(Source records)
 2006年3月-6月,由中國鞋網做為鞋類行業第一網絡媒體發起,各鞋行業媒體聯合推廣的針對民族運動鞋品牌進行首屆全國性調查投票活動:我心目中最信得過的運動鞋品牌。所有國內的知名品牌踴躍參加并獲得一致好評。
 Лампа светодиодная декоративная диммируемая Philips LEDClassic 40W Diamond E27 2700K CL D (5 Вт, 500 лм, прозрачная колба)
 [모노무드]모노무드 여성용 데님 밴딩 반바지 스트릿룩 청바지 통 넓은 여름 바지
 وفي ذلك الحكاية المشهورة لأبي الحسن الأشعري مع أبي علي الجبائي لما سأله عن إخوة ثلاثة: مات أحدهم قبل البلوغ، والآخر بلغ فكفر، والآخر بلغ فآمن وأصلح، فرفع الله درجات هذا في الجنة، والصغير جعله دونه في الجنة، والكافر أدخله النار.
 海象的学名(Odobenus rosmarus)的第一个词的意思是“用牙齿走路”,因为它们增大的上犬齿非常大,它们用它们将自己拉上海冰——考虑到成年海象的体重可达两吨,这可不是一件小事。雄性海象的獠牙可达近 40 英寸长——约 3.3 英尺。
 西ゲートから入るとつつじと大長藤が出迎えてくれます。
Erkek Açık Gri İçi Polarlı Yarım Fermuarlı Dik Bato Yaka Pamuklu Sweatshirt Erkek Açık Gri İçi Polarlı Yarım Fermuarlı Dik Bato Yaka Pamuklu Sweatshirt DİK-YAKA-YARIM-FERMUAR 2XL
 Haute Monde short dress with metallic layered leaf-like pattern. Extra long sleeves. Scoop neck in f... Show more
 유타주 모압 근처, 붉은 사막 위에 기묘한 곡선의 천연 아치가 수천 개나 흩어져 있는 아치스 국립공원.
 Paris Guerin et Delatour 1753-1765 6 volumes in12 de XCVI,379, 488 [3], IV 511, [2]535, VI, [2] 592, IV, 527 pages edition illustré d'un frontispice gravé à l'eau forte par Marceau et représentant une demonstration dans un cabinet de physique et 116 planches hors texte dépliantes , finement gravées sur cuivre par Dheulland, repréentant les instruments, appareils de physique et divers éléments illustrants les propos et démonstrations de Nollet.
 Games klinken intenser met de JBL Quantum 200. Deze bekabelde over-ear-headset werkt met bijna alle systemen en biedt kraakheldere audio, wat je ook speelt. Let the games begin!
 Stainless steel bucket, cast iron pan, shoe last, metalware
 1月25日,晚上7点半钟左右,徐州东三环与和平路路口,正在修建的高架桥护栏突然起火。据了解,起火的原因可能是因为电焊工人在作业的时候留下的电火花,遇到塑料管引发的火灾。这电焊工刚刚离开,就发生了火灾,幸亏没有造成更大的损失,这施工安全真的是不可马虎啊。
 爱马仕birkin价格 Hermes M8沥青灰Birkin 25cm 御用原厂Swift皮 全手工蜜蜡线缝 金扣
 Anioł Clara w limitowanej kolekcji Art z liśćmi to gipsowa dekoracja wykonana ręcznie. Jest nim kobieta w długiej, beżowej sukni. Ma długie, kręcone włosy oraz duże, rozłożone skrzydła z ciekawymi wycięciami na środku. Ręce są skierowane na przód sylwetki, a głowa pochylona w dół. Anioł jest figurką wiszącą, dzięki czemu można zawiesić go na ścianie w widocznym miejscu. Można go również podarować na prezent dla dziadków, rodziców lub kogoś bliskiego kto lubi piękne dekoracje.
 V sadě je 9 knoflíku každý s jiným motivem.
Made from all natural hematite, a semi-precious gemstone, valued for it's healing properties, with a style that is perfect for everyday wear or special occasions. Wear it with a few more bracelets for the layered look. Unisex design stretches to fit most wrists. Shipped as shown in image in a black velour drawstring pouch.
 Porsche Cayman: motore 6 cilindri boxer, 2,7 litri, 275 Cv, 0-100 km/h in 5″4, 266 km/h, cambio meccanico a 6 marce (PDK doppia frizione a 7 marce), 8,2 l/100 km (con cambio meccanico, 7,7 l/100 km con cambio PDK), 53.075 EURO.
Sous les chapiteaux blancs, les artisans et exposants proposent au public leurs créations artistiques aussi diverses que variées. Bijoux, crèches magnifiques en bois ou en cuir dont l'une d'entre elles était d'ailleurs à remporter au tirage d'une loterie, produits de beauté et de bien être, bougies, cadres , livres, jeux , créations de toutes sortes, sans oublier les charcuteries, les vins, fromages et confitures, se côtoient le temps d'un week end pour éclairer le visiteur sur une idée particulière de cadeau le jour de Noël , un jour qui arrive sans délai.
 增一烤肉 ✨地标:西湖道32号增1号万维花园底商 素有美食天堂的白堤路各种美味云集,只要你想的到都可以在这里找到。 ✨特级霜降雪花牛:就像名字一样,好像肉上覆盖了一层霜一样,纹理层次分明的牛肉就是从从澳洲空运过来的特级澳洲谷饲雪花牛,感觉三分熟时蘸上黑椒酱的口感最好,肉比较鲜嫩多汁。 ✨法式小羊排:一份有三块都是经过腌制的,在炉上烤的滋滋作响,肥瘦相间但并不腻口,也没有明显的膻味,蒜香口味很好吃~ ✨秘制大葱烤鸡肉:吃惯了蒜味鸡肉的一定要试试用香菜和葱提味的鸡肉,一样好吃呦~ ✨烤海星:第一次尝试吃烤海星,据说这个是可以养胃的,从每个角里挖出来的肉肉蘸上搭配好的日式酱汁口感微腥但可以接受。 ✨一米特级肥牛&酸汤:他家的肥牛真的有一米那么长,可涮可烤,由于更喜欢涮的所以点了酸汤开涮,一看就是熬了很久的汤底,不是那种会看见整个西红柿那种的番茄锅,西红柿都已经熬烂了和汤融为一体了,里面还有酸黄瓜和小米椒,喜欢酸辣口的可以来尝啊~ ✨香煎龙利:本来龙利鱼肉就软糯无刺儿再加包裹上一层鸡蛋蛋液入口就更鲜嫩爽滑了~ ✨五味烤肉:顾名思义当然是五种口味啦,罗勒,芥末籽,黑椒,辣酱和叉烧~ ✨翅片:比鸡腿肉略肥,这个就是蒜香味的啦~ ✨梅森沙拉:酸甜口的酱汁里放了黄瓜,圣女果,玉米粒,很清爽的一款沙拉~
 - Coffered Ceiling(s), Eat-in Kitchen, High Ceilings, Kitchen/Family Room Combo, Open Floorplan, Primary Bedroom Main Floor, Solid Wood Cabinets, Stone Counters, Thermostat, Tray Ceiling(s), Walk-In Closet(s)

EXERCISE OBJECTIVE: The answer should consist of all the lines above, retyped exactly.

ANSWER SPACE:
 2006年3月-6月,由中國鞋網做為鞋類行業第一網絡媒體發起,各鞋行業媒體聯合推廣的針對民族運動鞋品牌進行首屆全國性調查投票活動:我心目中最信得過的運動鞋品牌。所有國內的知名品牌踴躍參加并獲得一致好評。
 Лампа светодиодная декоративная диммируемая Philips LEDClassic 40W Diamond E27 2700K CL D (5 Вт, 500 лм, прозрачная колба)
 [모노무드]모노무드 여성용 데님 밴딩 반바지 스트릿룩 청바지 통 넓은 여름 바지
 وفي ذلك الحكاية المشهورة لأبي الحسن الأشعري مع أبي علي الجبائي لما سأله عن إخوة ثلاثة: مات أحدهم قبل البلوغ، والآخر بلغ فكفر، والآخر بلغ فآمن وأصلح، فرفع الله درجات هذا في الجنة، والصغير جعله دونه في الجنة، والكافر أدخله النار.
 海象的学名(Odobenus rosmarus)的第一个词的意思是“用牙齿走路”,因为它们增大的上犬齿非常大,它们用它们将自己拉上海冰——考虑到成年海象的体重可达两吨,这可不是一件小事。雄性海象的獠牙可达近 40 英寸长——约 3.3 英尺。
 西ゲートから入るとつつじと大長藤が出迎えてくれます。
Erkek Açık Gri İçi Polarlı Yarım Fermuarlı Dik Bato Yaka Pamuklu Sweatshirt Erkek Açık Gri İçi Polarlı Yarım Fermuarlı Dik Bato Yaka Pamuklu Sweatshirt DİK-YAKA-YARIM-FERMUAR 2XL
 Haute Monde short dress with metallic layered leaf-like pattern. Extra long sleeves. Scoop neck in f... Show more
 유타주 모압 근처, 붉은 사막 위에 기묘한 곡선의 천연 아치가 수천 개나 흩어져 있는 아치스 국립공원.
 Paris Guerin et Delatour 1753-1765 6 volumes in12 de XCVI,379, 488 [3], IV 511, [2]535, VI, [2] 592, IV, 527 pages edition illustré d'un frontispice gravé à l'eau forte par Marceau et représentant une demonstration dans un cabinet de physique et 116 planches hors texte dépliantes , finement gravées sur cuivre par Dheulland, repréentant les instruments, appareils de physique et divers éléments illustrants les propos et démonstrations de Nollet.
 Games klinken intenser met de JBL Quantum 200. Deze bekabelde over-ear-headset werkt met bijna alle systemen en biedt kraakheldere audio, wat je ook speelt. Let the games begin!
 Stainless steel bucket, cast iron pan, shoe last, metalware
 1月25日,晚上7点半钟左右,徐州东三环与和平路路口,正在修建的高架桥护栏突然起火。据了解,起火的原因可能是因为电焊工人在作业的时候留下的电火花,遇到塑料管引发的火灾。这电焊工刚刚离开,就发生了火灾,幸亏没有造成更大的损失,这施工安全真的是不可马虎啊。
 爱马仕birkin价格 Hermes M8沥青灰Birkin 25cm 御用原厂Swift皮 全手工蜜蜡线缝 金扣
 Anioł Clara w limitowanej kolekcji Art z liśćmi to gipsowa dekoracja wykonana ręcznie. Jest nim kobieta w długiej, beżowej sukni. Ma długie, kręcone włosy oraz duże, rozłożone skrzydła z ciekawymi wycięciami na środku. Ręce są skierowane na przód sylwetki, a głowa pochylona w dół. Anioł jest figurką wiszącą, dzięki czemu można zawiesić go na ścianie w widocznym miejscu. Można go również podarować na prezent dla dziadków, rodziców lub kogoś bliskiego kto lubi piękne dekoracje.
 V sadě je 9 knoflíku každý s jiným motivem.
Made from all natural hematite, a semi-precious gemstone, valued for it's healing properties, with a style that is perfect for everyday wear or special occasions. Wear it with a few more bracelets for the layered look. Unisex design stretches to fit most wrists. Shipped as shown in image in a black velour drawstring pouch.
 Porsche Cayman: motore 6 cilindri boxer, 2,7 litri, 275 Cv, 0-100 km/h in 5″4, 266 km/h, cambio meccanico a 6 marce (PDK doppia frizione a 7 marce), 8,2 l/100 km (con cambio meccanico, 7,7 l/100 km con cambio PDK), 53.075 EURO.
Sous les chapiteaux blancs, les artisans et exposants proposent au public leurs créations artistiques aussi diverses que variées. Bijoux, crèches magnifiques en bois ou en cuir dont l'une d'entre elles était d'ailleurs à remporter au tirage d'une loterie, produits de beauté et de bien être, bougies, cadres , livres, jeux , créations de toutes sortes, sans oublier les charcuteries, les vins, fromages et confitures, se côtoient le temps d'un week end pour éclairer le visiteur sur une idée particulière de cadeau le jour de Noël , un jour qui arrive sans délai.
 增一烤肉 ✨地标:西湖道32号增1号万维花园底商 素有美食天堂的白堤路各种美味云集,只要你想的到都可以在这里找到。 ✨特级霜降雪花牛:就像名字一样,好像肉上覆盖了一层霜一样,纹理层次分明的牛肉就是从从澳洲空运过来的特级澳洲谷饲雪花牛,感觉三分熟时蘸上黑椒酱的口感最好,肉比较鲜嫩多汁。 ✨法式小羊排:一份有三块都是经过腌制的,在炉上烤的滋滋作响,肥瘦相间但并不腻口,也没有明显的膻味,蒜香口味很好吃~ ✨秘制大葱烤鸡肉:吃惯了蒜味鸡肉的一定要试试用香菜和葱提味的鸡肉,一样好吃呦~ ✨烤海星:第一次尝试吃烤海星,据说这个是可以养胃的,从每个角里挖出来的肉肉蘸上搭配好的日式酱汁口感微腥但可以接受。 ✨一米特级肥牛&酸汤:他家的肥牛真的有一米那么长,可涮可烤,由于更喜欢涮的所以点了酸汤开涮,一看就是熬了很久的汤底,不是那种会看见整个西红柿那种的番茄锅,西红柿都已经熬烂了和汤融为一体了,里面还有酸黄瓜和小米椒,喜欢酸辣口的可以来尝啊~ ✨香煎龙利:本来龙利鱼肉就软糯无刺儿再加包裹上一层鸡蛋蛋液入口就更鲜嫩爽滑了~ ✨五味烤肉:顾名思义当然是五种口味啦,罗勒,芥末籽,黑椒,辣酱和叉烧~ ✨翅片:比鸡腿肉略肥,这个就是蒜香味的啦~ ✨梅森沙拉:酸甜口的酱汁里放了黄瓜,圣女果,玉米粒,很清爽的一款沙拉~
 - Coffered Ceiling(s), Eat-in Kitchen, High Ceilings, Kitchen/Family Room Combo, Open Floorplan, Primary Bedroom Main Floor, Solid Wood Cabinets, Stone Counters, Thermostat, Tray Ceiling(s), Walk-In Closet(s)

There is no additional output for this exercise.